Given data START

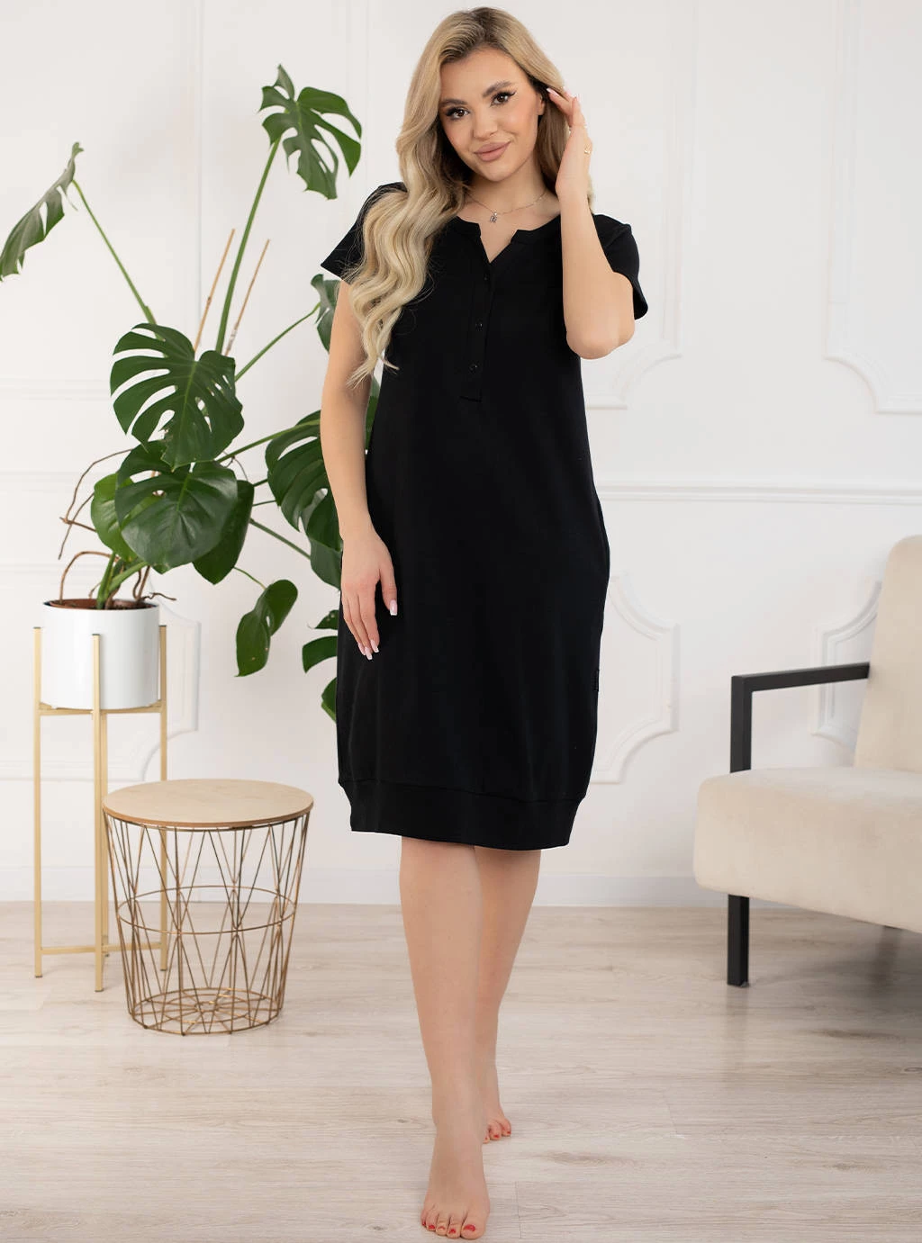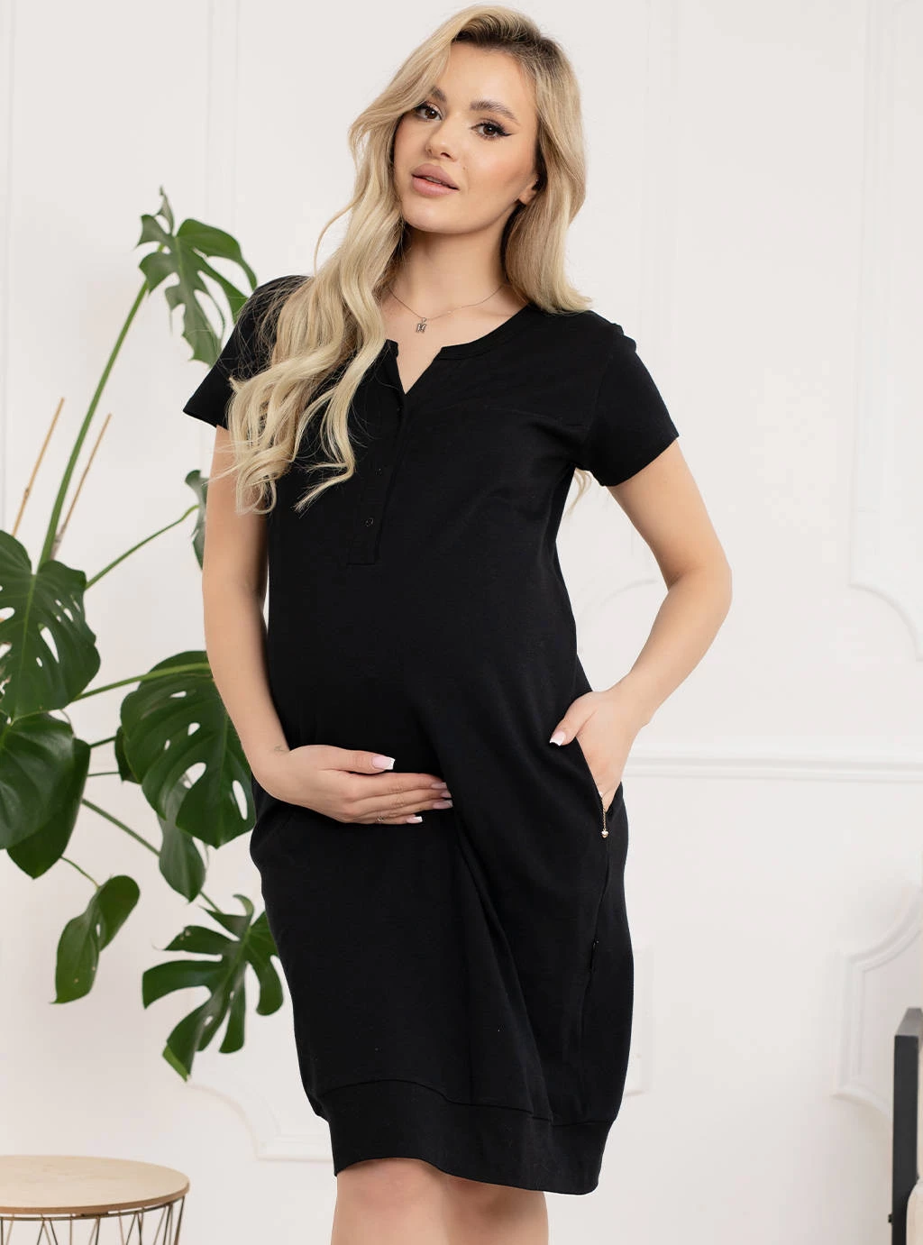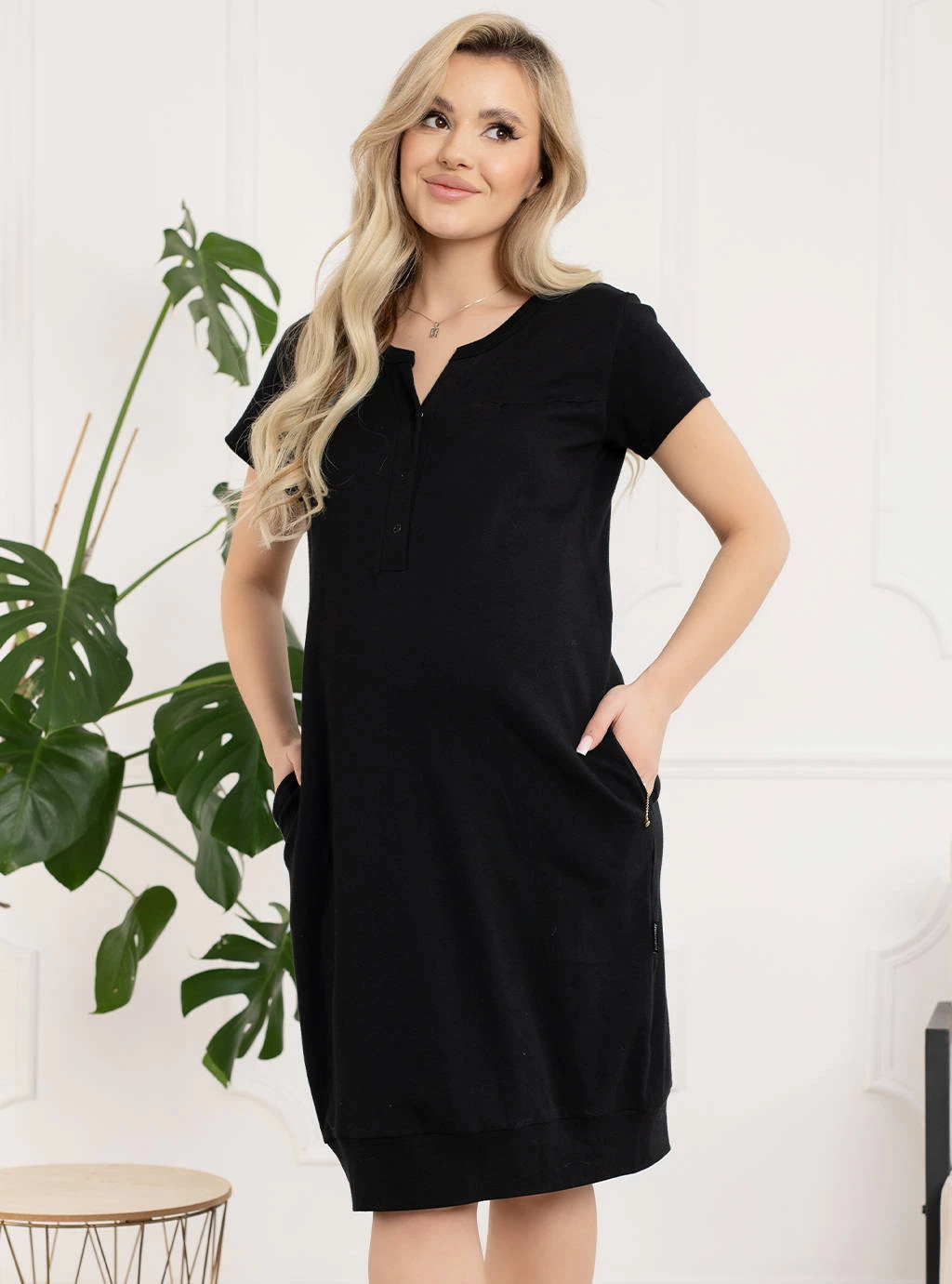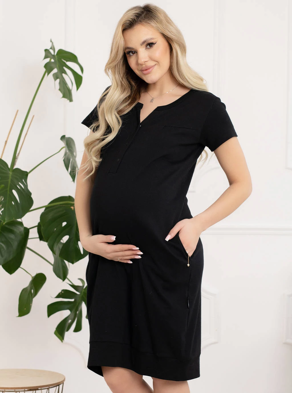 Koszula ciążowa w kolorze czerni o wygodnym kroju sukienki bombki. Koszula Sunny dołem ma wszyty ściągacz a górą śliczne zaszewki. Koszule do porodu w kolekcji Sunny o długości midi to delikatne pastele lub klasyczne kolory, wykonane z bawełny w jakości premium dla waszej wygody posiadają kieszenie oraz bezniklowe zatrzaski żeby ułatwić karmienie piersią. Wybierając Sunny w kolorze czerni, bez problemu możesz zastąpić ubrania ciążowe typu sukienka czy tunika i nadal wyglądać atrakcyjnie i kobieco. Już dziś zaznaj komfortu i wygody bawełnianej tkaniny która dopasuje się do zmieniającego ciała i rosnących piersi.
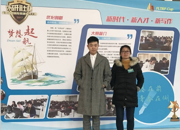 本网讯(通讯员:马兰、洪程)近日,第八届“外研社杯”全国高职高专英语写作大赛全国总决赛在北京外研社国际会议中心举行。在公共英语组比赛中,我校外国语学院教师洪程指导的2016级计算机应用专业学生张健从全国28个赛区800余所高职高专院校的近2000名选手脱颖而出,以总排名第一的成绩荣获公共英语组一等奖。
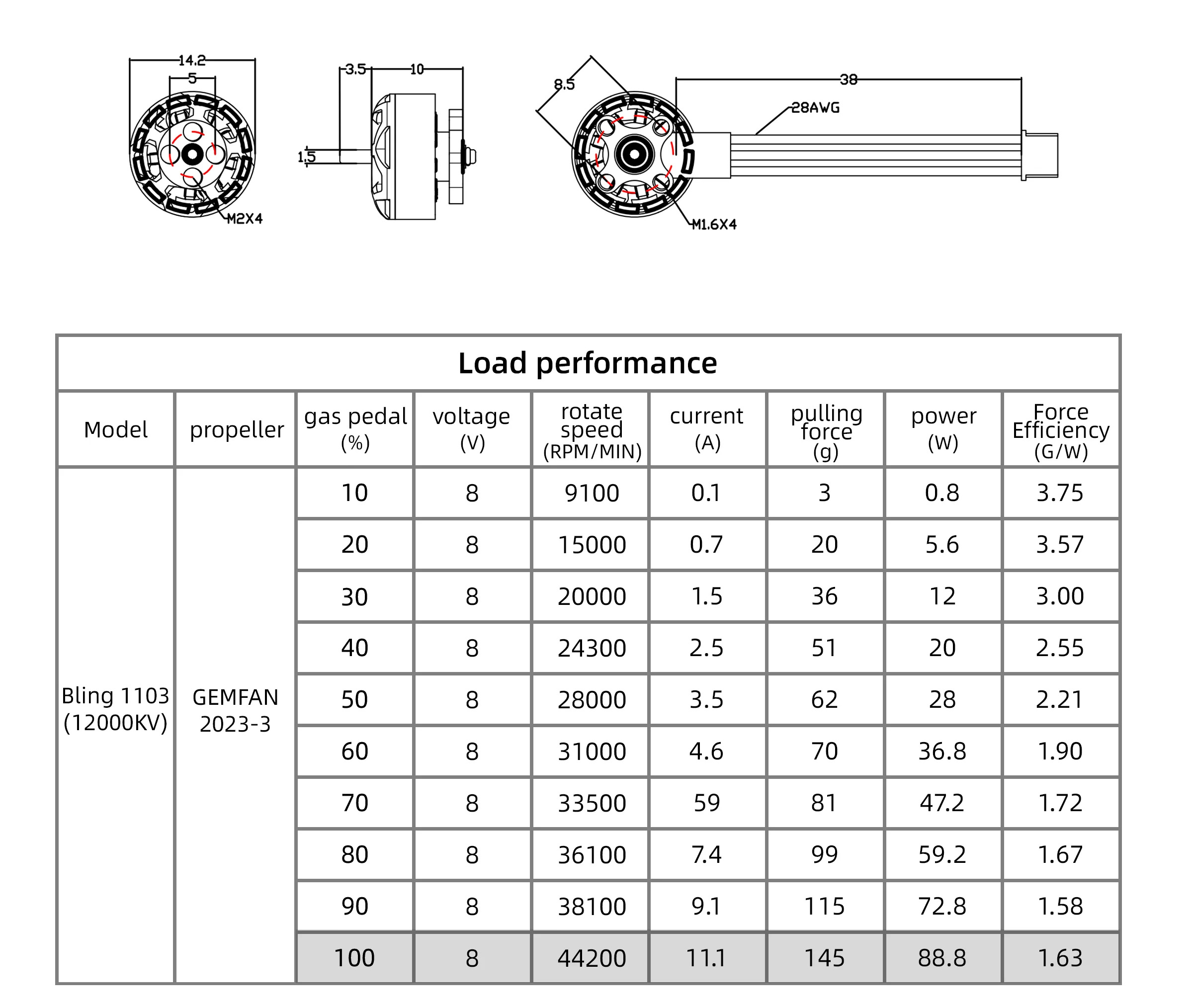 DarwinFPV Bling 1103 je motor vhodný pro malé 2–2,5″ toothpick drony v kombinaci s 2S Lipo baterií. Motor používá silné magnety N52H, kvalitní NSK ložiska a měděné vinutí s tepelnou odolností až 220 °C.

Given data END

Exercise directions: Find the line containing "本网讯(通讯员:马兰、洪程)" in the listing above. Restate it and every line after it, word for word, through the final line, leaving out the pictures.

Written solution:
 本网讯(通讯员:马兰、洪程)近日,第八届“外研社杯”全国高职高专英语写作大赛全国总决赛在北京外研社国际会议中心举行。在公共英语组比赛中,我校外国语学院教师洪程指导的2016级计算机应用专业学生张健从全国28个赛区800余所高职高专院校的近2000名选手脱颖而出,以总排名第一的成绩荣获公共英语组一等奖。
 DarwinFPV Bling 1103 je motor vhodný pro malé 2–2,5″ toothpick drony v kombinaci s 2S Lipo baterií. Motor používá silné magnety N52H, kvalitní NSK ložiska a měděné vinutí s tepelnou odolností až 220 °C.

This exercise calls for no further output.